Thursday, February 16, 2017

The Forces behind the Invisible Hand

3. What is ‘hidden’ about the ‘hidden hand’? Explicate the following: This division of labor, from which so many advantages are derived, is not originally the effect of any human wisdom, which foresees and intends that general opulence to which it gives occasion. It is the necessary, though very slow and gradual, consequence of a certain propensity in human nature which has in view no such extensive utility; the propensity to truck, barter, and exchange one thing for another.” (I, chapter 2)


Smith suggests in this quote that the capacity for the trading of goods and services is a feature inherent in human beings, and it is this very feature that allows for the division of labor to occur in human societies. Humans, just like animals, act selfishly in pursue of their own interests. But our ability to trade with each other provides us with a far more efficient way of acquiring utility for ourselves than we could have ever had if we simply produced everything for ourselves. It enables each person to produce what he has a comparative advantage in producing, then trade it for products he desires that are produced by others, thereby increasing each party’s utility, making trade consistent with each party’s individual pursuit of self-interest.
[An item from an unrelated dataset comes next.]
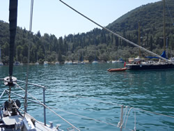 We head further towards the town of Vliho in search of Wayward, this Ormos, provides excellant shelter due to the mountains but it also is extremely hot! Eventually we find Wayward and we drop anchor a head of her. We make Sailaway secure and drop our dinghy, it is clear there is no one on board, but we knock any way. Beki and Eamon have secured work locally, so we assume that is where they will be? We decide to head back in the dinghy up to Nidri, we take the computer as it is some time since we checked email. It is quite a journey up to Nidri in the dinghy, but it beats walking, especially in this heat.

This is the fundamental basis through which the division of labor is allowed to occur naturally, without explicit planning or guidance, all because of human nature’s innate selfishness as well as its propensity to trade. Such is what makes the invisible hand “invisible”, as the only forces at work behind these interactions are these two passive properties of human nature. 
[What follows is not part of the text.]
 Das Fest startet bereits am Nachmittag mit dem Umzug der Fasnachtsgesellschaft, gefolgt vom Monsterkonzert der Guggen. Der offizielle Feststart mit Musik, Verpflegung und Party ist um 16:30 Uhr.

These acts of trading at the individual level could then be amplified in scale into the global economy, yet the central principles behind its functioning remains the same. The free market exists and operates efficiently only because of individual humans’ self-interest and capacity for trade. No one consciously acts in the best interests of the market’s or the nation’s economic wellbeing, since one “intends only his own gain. [And yet,] he is in this, as in many other cases, led by an invisible hand to promote an end which was no part of his intention,” (485) that is the welfare of the market and of the nation. The invisible hand, on the broader, societal scale, remains invisible in that no individual is specifically working to ensure the market functions properly, yet its effects becomes more profound as it is what drives each market to its natural equilibrium price and quantity, meanwhile maximizing efficiency and the utility of the participants. Such is the essence of the ideology behind free market capitalism, where the lack of interference in the market produces the best possible outcome overall, as the invisible hand, in the form of forces inherent in human nature, guides society toward that goal.